Governance Contains The Resulting Action
Governance does not prevent prompt injection. What it does is contain the blast radius. At the action boundary, every tool call is evaluated against the agent’s delegation before execution. The evaluation does not inspect the model’s reasoning or determine whether the model was compromised; it does not need to. It asks only whether the resulting action is within the delegation’s scope. If the agent is delegated to read claims and write summaries, then a data-export to an external endpoint is outside scope, regardless of why the model produced it.
An agent acting within its delegation can still produce incorrect results; governance constrains which actions execute, not the correctness of authorised behaviour. But a compromised model cannot escalate beyond its delegation. The structural advantage of action-boundary governance is that it sidesteps the model-boundary fight entirely. Model-boundary defence has to distinguish legitimate from adversarial reasoning in open-ended language, a problem no production system can reduce to a deterministic certainty. Action-boundary evaluation asks a narrower question: whether the resulting action is authorised under an explicit contract.
The injection corrupts the model’s intent. Governance constrains the system’s actions. The attack succeeds at the first layer, and it fails at the second, if the second layer is there to fail at.
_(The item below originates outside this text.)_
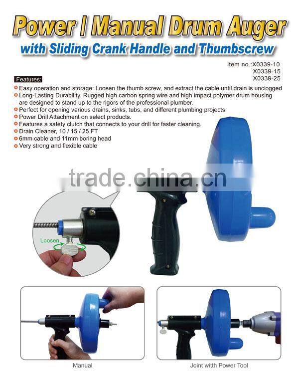 * Easy operation and storage: Loosen the thumb screw, and extract the cable until drain is unclogged
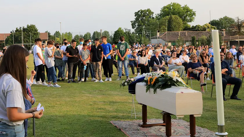 MASER. «Porteremo per sempre il tuo sorriso nel nostro cuore». C’era tutto il paese ieri pomeriggio nel campo da calcio di Crespignaga, per dare l’ultimo saluto alla quattordicenne Vittoria De Paoli, la ragazza i cui sogni si sono spezzati lungo l’asfalto sabato sera, all’incrocio tra le vie Rialto, Cal Nova e Borgata Grotta a Farra di Soligo.

The Enforcement Gap Lets The Attack Land
Many autonomous AI systems I have looked at do not have this second layer. The model produces a tool call and the tool layer executes it. The entire defence relies on preventing the model from being compromised in the first place, and when that defence fails — and for any system processing untrusted input it will eventually fail — nothing sits between the compromised model and the consequence. Prompt injection is correctly discussed as an AI safety problem, but the reason it produces real-world consequences is not only that models are vulnerable. It is that actions produced by compromised models are allowed to execute without governance evaluation.
The vulnerability is in the model. The failure is in the architecture.